Cette pratique solitaire a permis une élévation de la confiance en soi. En se dégageant de la contrainte corporelle dans la réalité du jeu, la jeune femme a pu vraisemblablement se dégager de la relation à une mère mortifère. Mais l’usage auto-thérapeutique des jeux vidéo ne produit des effets que dans le court terme en général, pour la mise en acte d’une décision par exemple, comme dans le cas que je viens de citer. Cela explique en partie le fait que les grands joueurs ont trouvé dans le jeu vidéo une fonction antidépressive, mais cela peut s’arrêter là.
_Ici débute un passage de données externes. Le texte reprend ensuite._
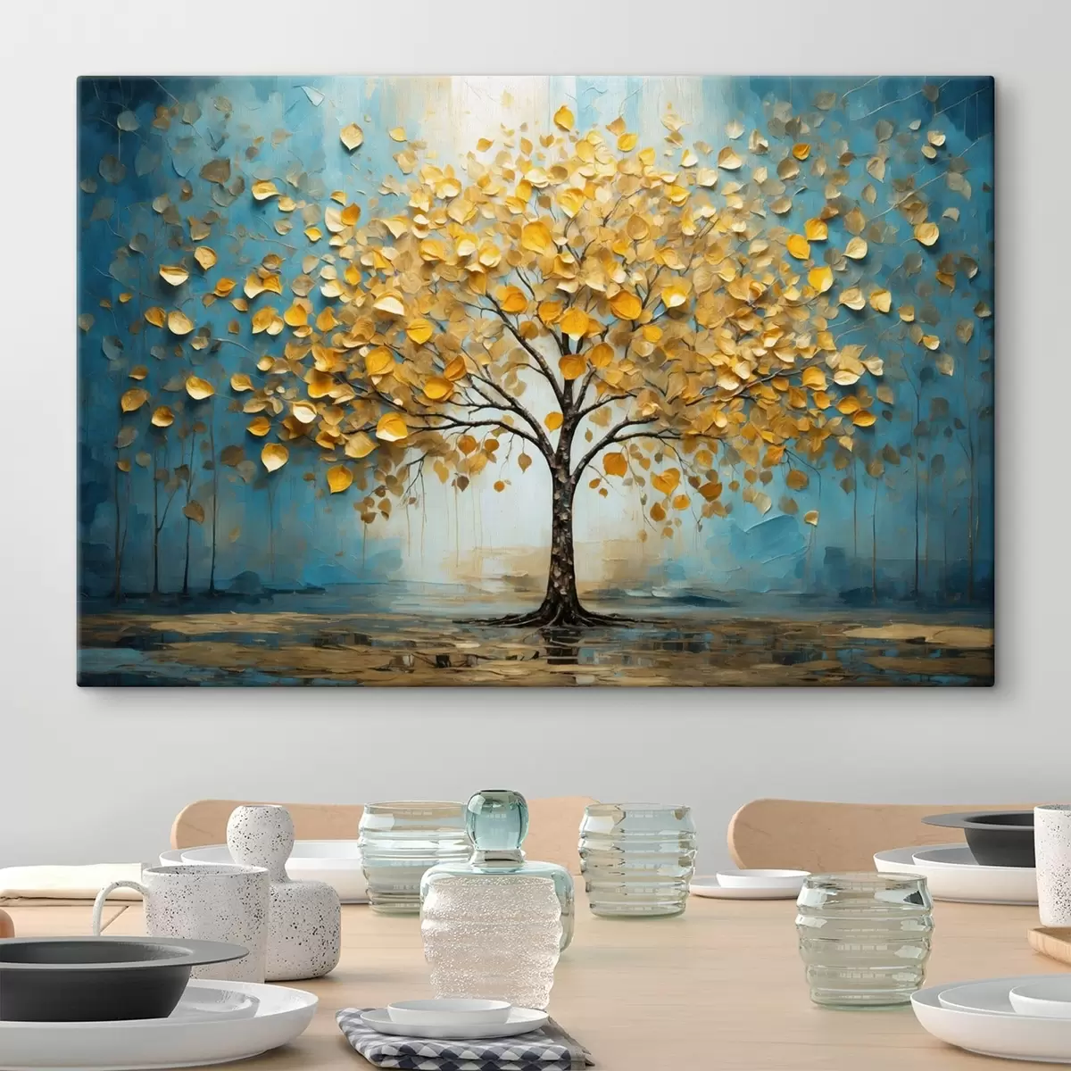 Wandbilder Baum mit gelben Blättern vor blauem Hintergrund Art. s47256

Dans le cadre d’un suivi thérapeutique, tout un travail de perlaboration (1) se réalise entre le temps de la prise de conscience, celui du deuil avec un état antérieur, et celui du changement. On ne quitte pas un symptôme si facilement !
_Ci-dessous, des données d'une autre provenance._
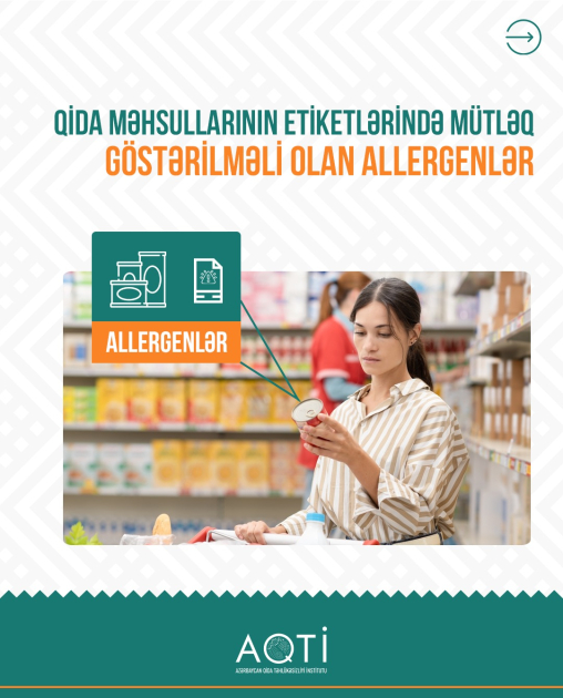 Qida məhsullarının tərkibində istifadə olunduğu halda allergen maddələr etiketdə mütləq qeyd edilməlidir. Həmin allergenlərə qlüten ehtiva edən taxıllar, xərçəngkimilər, molyusklar, yumurta, balıq, yer fındığı, soya, süd və süd məhsulları və digərləri daxildir.

Dans tous les cas, l’avatar révèle les fantasmes et les idéaux de la personne ; il lui permet de flirter avec des désirs non réalisables ou avec ses craintes. Craintes et désirs font partie du même registre : on peut avoir peur de ses désirs comme être attiré par ses craintes. La peur de ses désirs renvoie à l’amour et à la sexualité. Chacun a des fantasmes, tout en percevant bien que le passage à l’acte serait vécu comme le dépassement d’une limite, ce qui peut être angoissant. A l’inverse, le désir d’outrepasser ses craintes, qui se traduit par exemple dans le goût du voyage, de l’aventure ou du saut en parachute, se retrouve aussi dans le virtuel qui permet donc, même dans une pratique solitaire, un travail de meilleure connaissance de soi et de ses limites.
C’est particulièrement vrai avec les Sim’s qui est le jeu le plus vendu au monde. Ce jeu propose un processus d’identification comparable à la télé-réalité où le spectateur recherche un autre semblable. De manière à ce que les Sim’s soient reconnus comme un objet culturel, j’avais organisé en janvier 2005 un colloque au Centre Pompidou. A cause d’une remarque d’une personne dans le public sur son extrême banalité, j’ai pris conscience de l’importance du banal pour comprendre toute la complexité des interactions entre les humains. J’avais repéré que, derrière le désaveu de ce jeu pour cause de banalité, s’exprimait une idéologie anti-américaine assez marquée, comme si le banal américain n’était pas aussi le nôtre que nous refusons bien évidemment de voir. Or, c’est à partir du banal que nous construisons bien des choses. Si on demande à un garçon de 16 ans “c’est quoi ton idéal dans la vie ? ", et qu’il répond “me marier, acheter un pavillon de banlieue, avoir un chien et trois enfants”, les gens vont considérer que c’est déprimant, parce que banal. Par réalisme, je m’inscris en faux face à ce rejet hypocrite de la banalité. Boire, manger, dormir, c’est banal aussi. Et c’est pourtant dans notre manière de le faire que les enjeux relationnels se découvrent. Pourquoi reprocher aux Sim’s leur banalité alors que ce jeu plaît à tant de gens et qu’il favorise, dans son extrême banalité dont je conviens, des prises de conscience bénéfiques ?

Michael Stora
Projections n°29/30 • Septembre - Décembre 2008


Note :
(1) La lente reconstruction des scènes psychiques enfermées dans les archives du théâtre interne, et la reconnaissance tardive des personnages qui y jouent les rôles essentiels, a un nom dans la théorie psychanalytique : il s’agit de l’élaboration psychique. Cette activité prend la suite, sur la scène psychanalytique, d’une répétition inlassable - en dépit du changement des personnages et des lieux - des mêmes conflits internes. A ce travail minutieux, Laplanche et Pontalis ont donné le nom de perlaboration."
Joyce Mc Dougall, Théâtres du Je , Folio essais.